## Raw data:
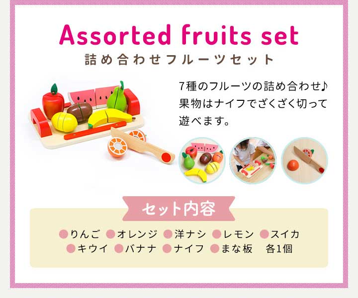 | セット内容: りんご・オレンジ・洋ナシ・レモン・スイカ・キウイ・バナナ・ナイフ・まな板 各1個 |
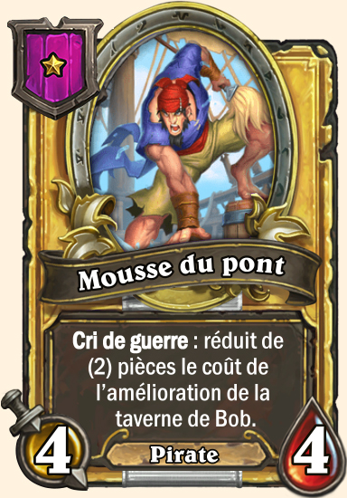 | Description | Cri de guerre : réduit de (1) pièce le coût de l’amélioration de la taverne de Bob. |
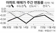 서울과 수도권에서 아파트 매매가와 전세금이 2주 연속 떨어졌다. 특히 서울에서는 거래 비수기와 10·26 재·보궐선거로 재건축에 부정적인 견해를 피력한 박원순 시장이 당선된 여파로 재건축 시장의 하락세가 두드러졌다. 4일 부동산114에 따르면 이번주 아파트 매매시세는 서울 0.05%, 신도시 0.02%, 수도권 0.02% 각각 떨어진 것으로 집계됐다. 서울에서는 재건축 아파트가 많은 강동구(―0.15%)와 송파구(―0.13%), 강남구(―0.13%)가 0.1% 이상 크게 떨어졌고, 구로구(―0.07%)와 종로구(―0.05%) 등이 뒤를 이었다. 신도시와 기타 수도권에서는 과천(―0.08%), 인천(―0.08%), 중동(―0.05%), 광명(―0.04%), 분당(―0.02%), 용인(―0.02%) 등지의 내림세가 두드러졌다. 한편 전세시장은 11월 들어 안정세가 더욱 뚜렷해지는 모습이다. 서울과 수도권 전세금은 각각 0.03%, 0.01% 떨어졌고 신도시는 가격 변동이 없었다. 구가인 기자 comedy9@donga.com}
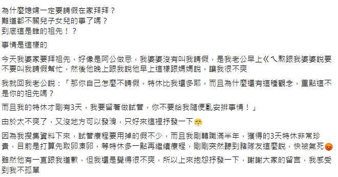▼原po聽到老公的話回嗆:「那你自己怎麼不請假,特休比我還多耶,而且為什麼還有這種觀念,重點這不是你的祖先嗎?而且我的特休才剛有3天,我要留著做試管,你不要給我隨便亂安排事情!」原po表示,她剛剛轉職滿半年,獲得的3天特休非常珍貴,本來是打算先取卵凍卵,等特休多一點再繼續療程,沒想到老公竟要求她請特休幫忙祭祖。
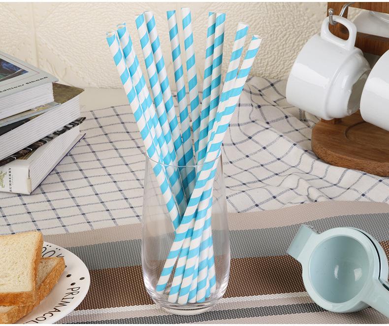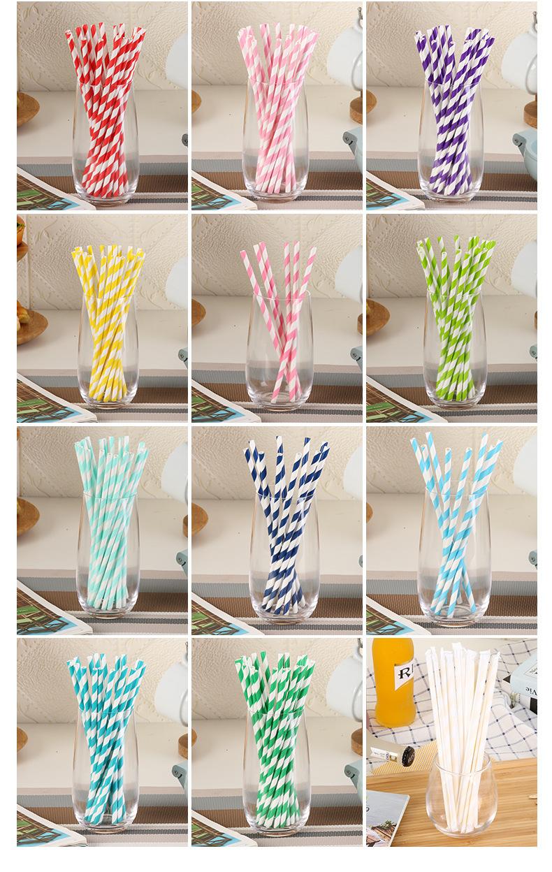 Pajita desechable de papel degradable, pajita artística de rayas de colores, pajita decorativa para bar o comedor

## Exercise requirements:
Each record has to be set down verbatim, and the pictures must not appear in the copy.

## Exercise result:
 | セット内容: りんご・オレンジ・洋ナシ・レモン・スイカ・キウイ・バナナ・ナイフ・まな板 各1個 |
 | Description | Cri de guerre : réduit de (1) pièce le coût de l’amélioration de la taverne de Bob. |
 서울과 수도권에서 아파트 매매가와 전세금이 2주 연속 떨어졌다. 특히 서울에서는 거래 비수기와 10·26 재·보궐선거로 재건축에 부정적인 견해를 피력한 박원순 시장이 당선된 여파로 재건축 시장의 하락세가 두드러졌다. 4일 부동산114에 따르면 이번주 아파트 매매시세는 서울 0.05%, 신도시 0.02%, 수도권 0.02% 각각 떨어진 것으로 집계됐다. 서울에서는 재건축 아파트가 많은 강동구(―0.15%)와 송파구(―0.13%), 강남구(―0.13%)가 0.1% 이상 크게 떨어졌고, 구로구(―0.07%)와 종로구(―0.05%) 등이 뒤를 이었다. 신도시와 기타 수도권에서는 과천(―0.08%), 인천(―0.08%), 중동(―0.05%), 광명(―0.04%), 분당(―0.02%), 용인(―0.02%) 등지의 내림세가 두드러졌다. 한편 전세시장은 11월 들어 안정세가 더욱 뚜렷해지는 모습이다. 서울과 수도권 전세금은 각각 0.03%, 0.01% 떨어졌고 신도시는 가격 변동이 없었다. 구가인 기자 comedy9@donga.com}
▼原po聽到老公的話回嗆:「那你自己怎麼不請假,特休比我還多耶,而且為什麼還有這種觀念,重點這不是你的祖先嗎?而且我的特休才剛有3天,我要留著做試管,你不要給我隨便亂安排事情!」原po表示,她剛剛轉職滿半年,獲得的3天特休非常珍貴,本來是打算先取卵凍卵,等特休多一點再繼續療程,沒想到老公竟要求她請特休幫忙祭祖。
 Pajita desechable de papel degradable, pajita artística de rayas de colores, pajita decorativa para bar o comedor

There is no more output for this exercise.